Current representation
Current internal representation is a union of:
- CESU-8: to support full 16-bit codepoint sequences without limitations. In particular, individual and unpaired surrogates must work without interpretation or conversion.
- UTF-8: to support non-BMP characters, if they are created from C code or e.g. using String.fromCharCode(0x12345).
- Extended UTF-8: to support codepoints up to U+FFFFFFFF. This is now only needed by the regexp bytecode, which uses extended UTF-8 as its internal representation and needs to represent long offsets as codepoints.
C API problem with current representation
One concrete problem with this arrangement is that non-BMP strings are internally represented as CESU-8:
- If source code contains a non-BMP character, the ECMAScript specification requires that such a character is decoded into surrogates, from https://www.ecma-international.org/ecma-262/5.1/#sec-6:
- If an actual source text is encoded in a form other than 16-bit code units it must be processed as if it was first converted to UTF-16.
- This means that
x = '\u{12345}'
andx = '\ud808\udf45'
MUST be treated identically. For example, for both inputs:- The string's
.length
must be 2. x[0]
must be 0xd808, andx[1]
must be 0xdf45.- RegExps must be able to match the individual surrogates, and one must be able to e.g. backtrack each surrogate separately.
- It must be possible to take a substring whose one end is between the surrogate codepoints.
- The string's
- In the current C API such a string will appear CESU-8 encoded because that's the internal representation used for surrogate codepoints.
- Applications dealing natively with UTF-8 would often prefer to see UTF-8 rather than CESU-8, thus avoiding the need to transcode CESU-8 to UTF-8.
The ECMAScript specification doesn't (and cannot) mandate any specific internal representation, nor does it provide any requirements on how a C API must represent strings. The current convention of using CESU-8 for standard ECMAScript strings is thus not really mandatory. However, if an alternative representation is used, it MUST behave identically as far as script code is concerned.
Automatically combining surrogates in internal representation
One alternative to the current internal representation is to:
- Keep the current CESU-8 + UTF-8 + extended UTF-8 as the base representation.
- When conceptual ECMAScript strings contain correctly paired surrogates, combine the surrogates into the actual non-BMP codepoint. The resulting codepoint is then valid UTF-8 and not CESU-8.
- When a non-paired surrogate is found, encode it as CESU-8 as before.
- This process must be applied to all inputs, both script code and C code, so that a certain conceptual ECMAScript string has a unique duk_hstring representation. (If this is not the case, string comparison using an interned string pointer would no longer be valid which leads to a lot of complications.)

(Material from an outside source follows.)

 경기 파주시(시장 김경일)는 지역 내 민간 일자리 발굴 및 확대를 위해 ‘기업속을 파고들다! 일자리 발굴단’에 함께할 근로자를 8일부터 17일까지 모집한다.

This would have the upside that:
- Valid Unicode strings in UTF-8 codepoint range (U+0000 to U+10FFFF without surrogate range U+D800 to U+DFFF) would appear as valid UTF-8 (not CESU-8) in the C API.

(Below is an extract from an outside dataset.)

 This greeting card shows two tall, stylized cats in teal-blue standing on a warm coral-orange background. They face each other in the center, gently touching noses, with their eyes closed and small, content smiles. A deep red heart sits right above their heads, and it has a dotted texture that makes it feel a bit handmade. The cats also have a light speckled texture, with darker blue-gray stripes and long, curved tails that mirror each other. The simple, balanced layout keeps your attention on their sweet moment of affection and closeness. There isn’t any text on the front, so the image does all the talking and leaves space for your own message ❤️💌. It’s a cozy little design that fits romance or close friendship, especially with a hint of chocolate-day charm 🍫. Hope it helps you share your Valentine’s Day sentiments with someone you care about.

- Pushing UTF-8 strings would produce strings that behaved like standard ECMAScript strings, i.e. they would conceptually have surrogate pairs in place of non-BMP.
And a few downsides:
- All the internal code would need to maintain an "as if" illusion: such strings must appear as uninterpreted 16-bit codepoint sequences, and all 16-bit codepoint sequences must still work without difference as far as script code is concerned. This is not trivial, more on this below.
- One would no longer be able to push an arbitrary byte sequence as a string (duk_push_string()) and then read it back as is. The automatic surrogate combination would mean the output might be different, with surrogates represented in CESU-8 combined into UTF-8. This is a loss of current functionality which has been useful for some applications; one can e.g. push ISO-8859-1 strings as is, and read them back. Script code will see such strings as being somewhat broken, but they have previously passed through without modification.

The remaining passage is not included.